All that is needed is the run of lines from the top of the entries to the line with "一化生俩五庄俩天宫 化生有天阵 全身3段未打附魔属性", that line included, repeated exactly and free of pictures.
---------- DATA TO EXAMINE
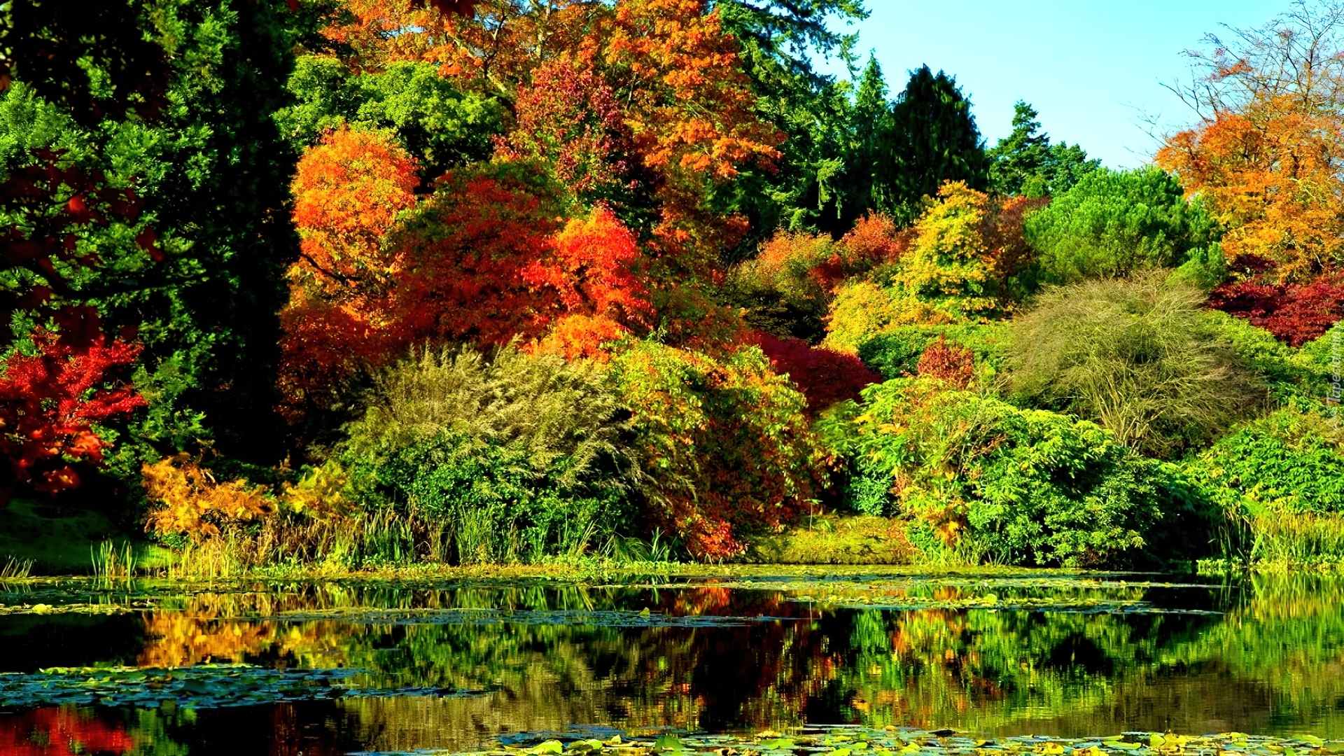 Edytor tapety: Jesień, Staw, Odbicie, Drzew
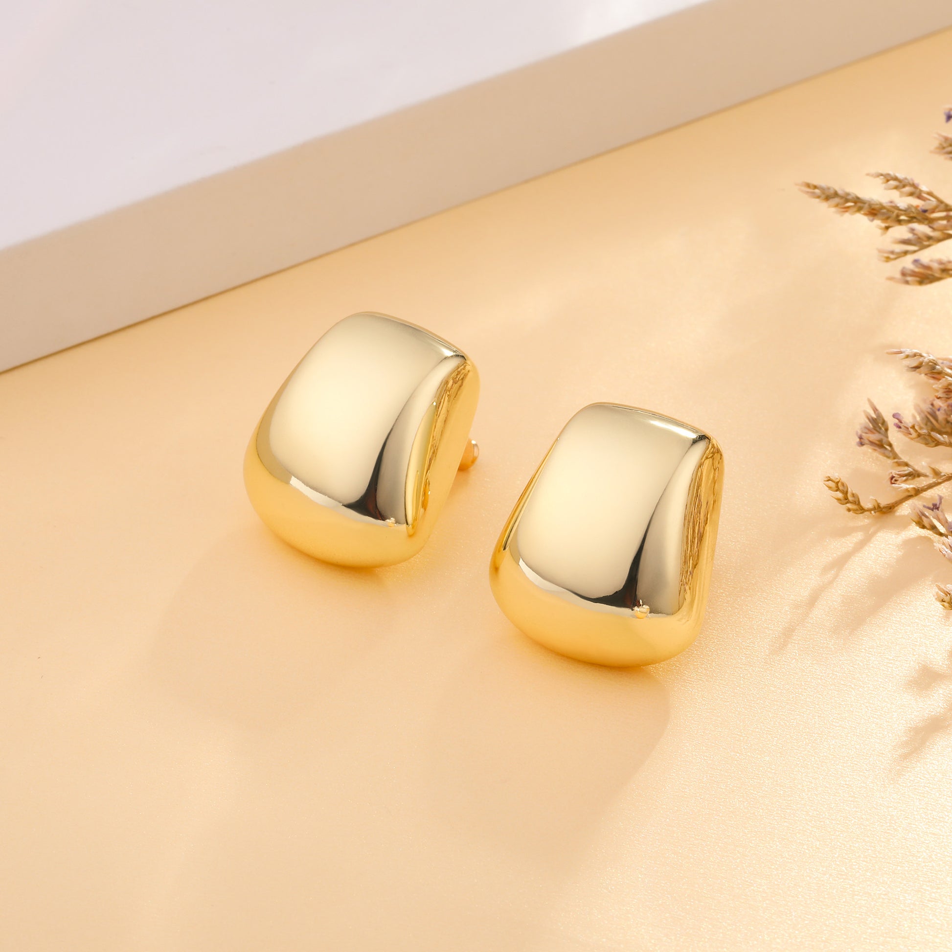 Thick golden earrings: This golden earring combines the flashing luster with the heavy appearance, giving people a unique aesthetic feeling. The round shape in the square makes the earrings more elegant, and the hollow design brings you a light wearing experience.
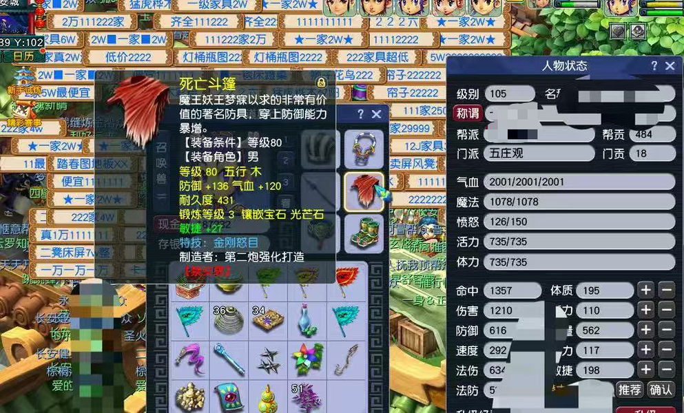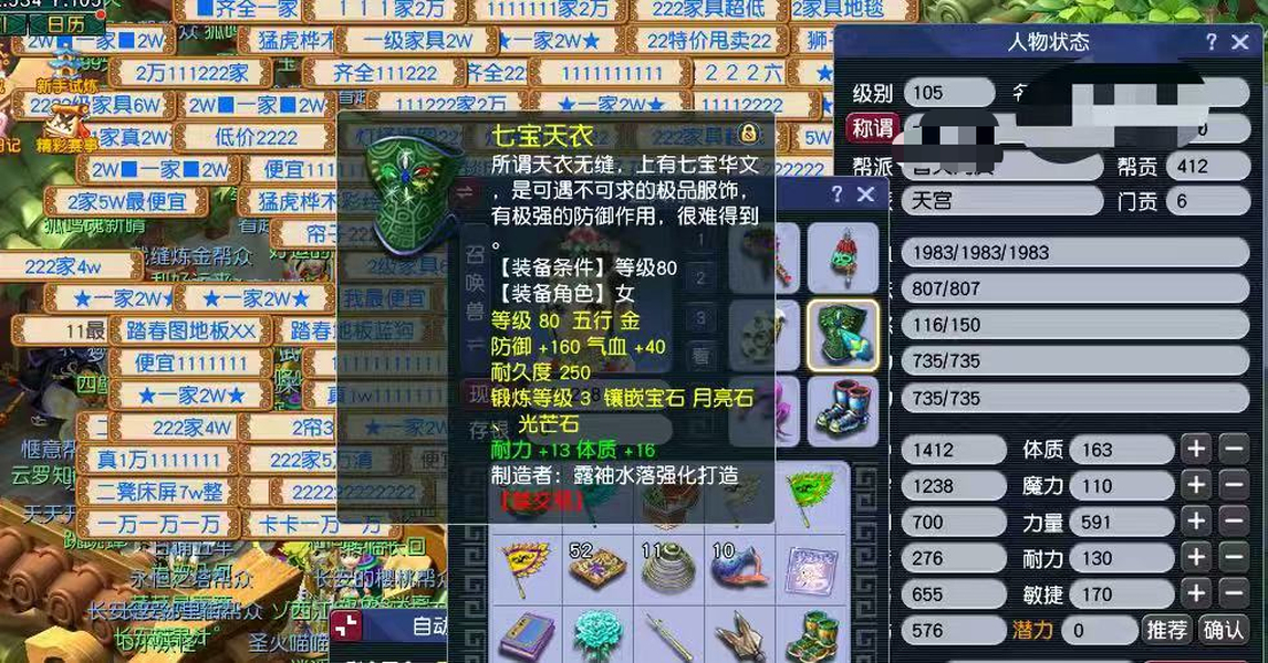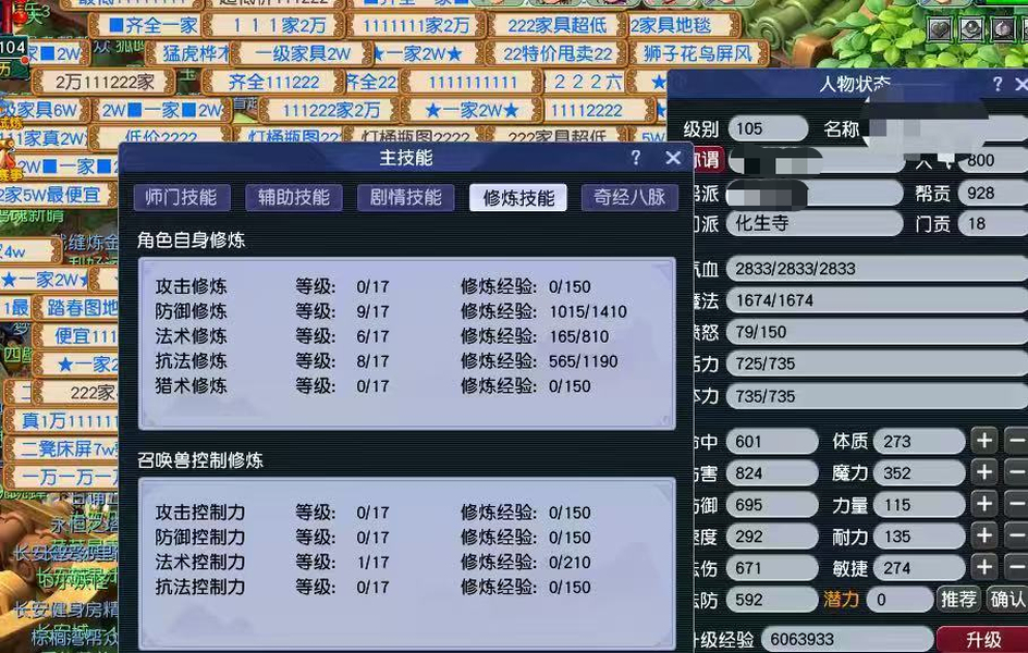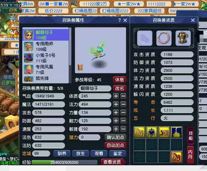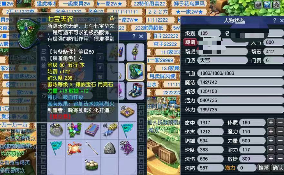 一化生俩五庄俩天宫 化生有天阵 全身3段未打附魔属性 物理都有八层风带 一组蝴蝶 四个鬼子 队长有个紫气豪宅满环境度 买的810礼包弄的家具 不缺寿命 703打BY妖无压力
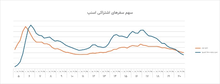 نمودار تجمیعی سهم سفرهای اشتراکی و تعداد کل سفرهای روزانه پایتخت با ناوگان اسنپ
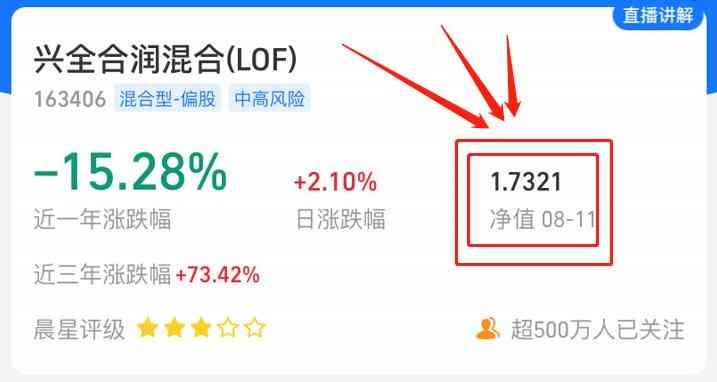 如图,今天兴全合润的单位净值就是1.7321元,如果在今天15:00前申购或者赎回该基金,每一份额成交价就是1.7321元。
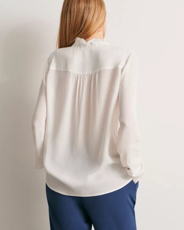 Minimalisme et romantisme s’entrechoquent dans cette pièce au charme subtil. Le crêpe de viscose, fluide et léger, épouse les mouvements avec grâce. L’encolure volantée apporte une touche de féminité sans excès, tandis que l’empiècement dos froncé révèle un détail inattendu.
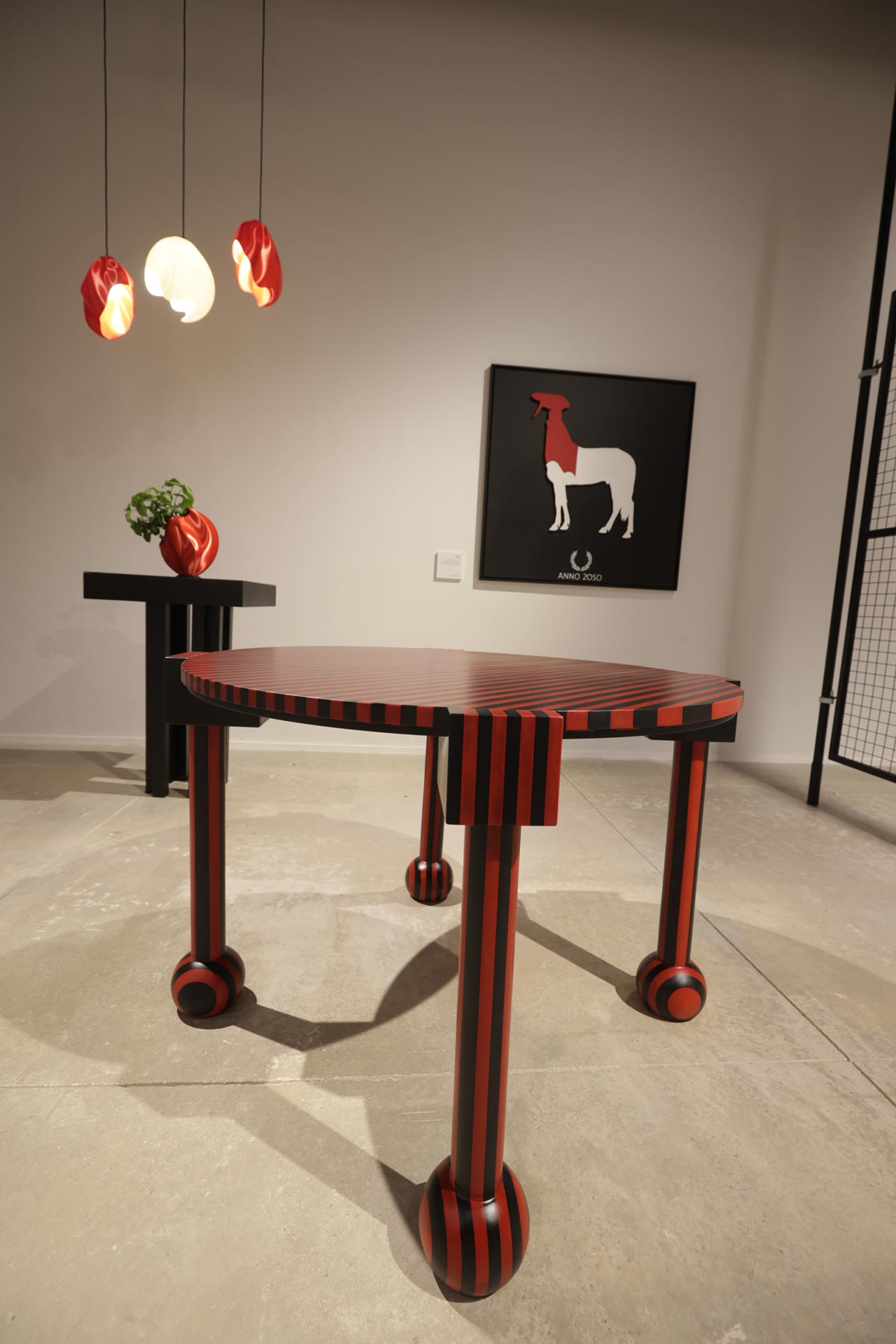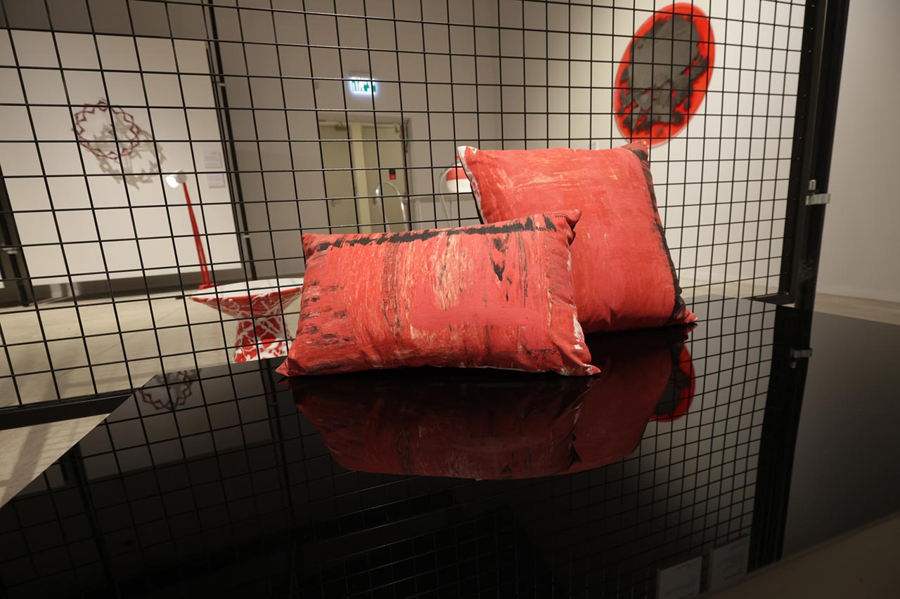 סדרת שולחנות ואלמנט קיר של דניאל אלקיים משמרים בטקסטורה שלהם שינויים שנוצרו בעקבות מניפולציות של שריפה; שי אלפיה, החוקרת השתקפויות, מציגה אוביקט במופע של כתם השתקפות, בעל רקע אדום ורמות אטימות ושקיפות משתנות; גוף התאורה העומד של אסף וינברום מעוצב תוך התכתבות עם האנשה היוצקת ממד של הומור; וממקום שונה בתכלית מציג אוהד בנית עבודה קינטית שפותחה בהשראת טכנולוגיות מתקדמות מתחום הקרדיולוגיה.
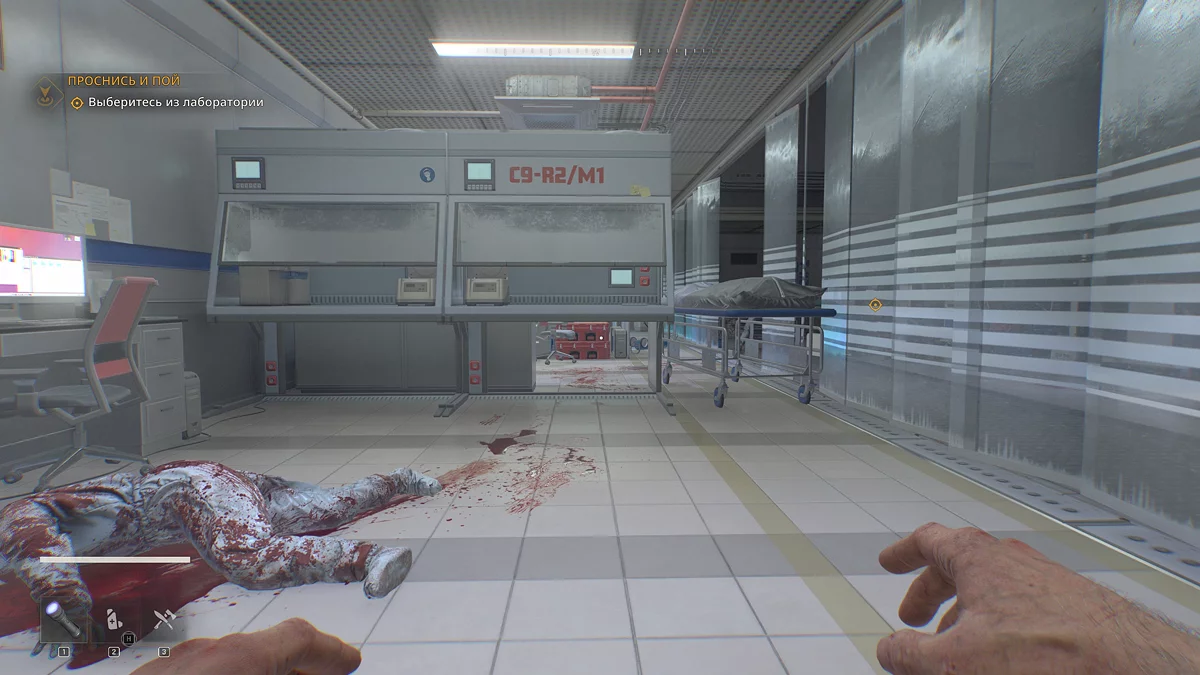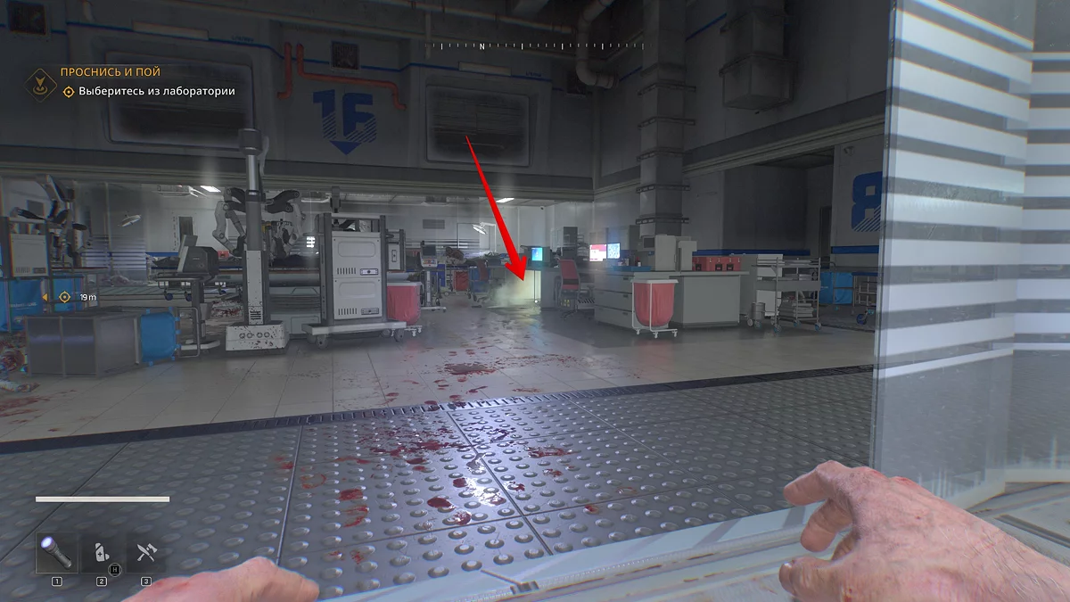 Покинувши шахту, ви опинитеся в головній операційній, в якій приблизно з десяток заражених. Тому слід скористатися тим, що вони зайняті, і тихо пройти повз. Спершу пролізьте під великим апаратом, щоб потрапити в головний зал: у разі, якщо вас виявлять, це буде шляхом для відступу.
--------------------
** ANSWER TO THE EXERCISE **
 Edytor tapety: Jesień, Staw, Odbicie, Drzew
 Thick golden earrings: This golden earring combines the flashing luster with the heavy appearance, giving people a unique aesthetic feeling. The round shape in the square makes the earrings more elegant, and the hollow design brings you a light wearing experience.
 一化生俩五庄俩天宫 化生有天阵 全身3段未打附魔属性 物理都有八层风带 一组蝴蝶 四个鬼子 队长有个紫气豪宅满环境度 买的810礼包弄的家具 不缺寿命 703打BY妖无压力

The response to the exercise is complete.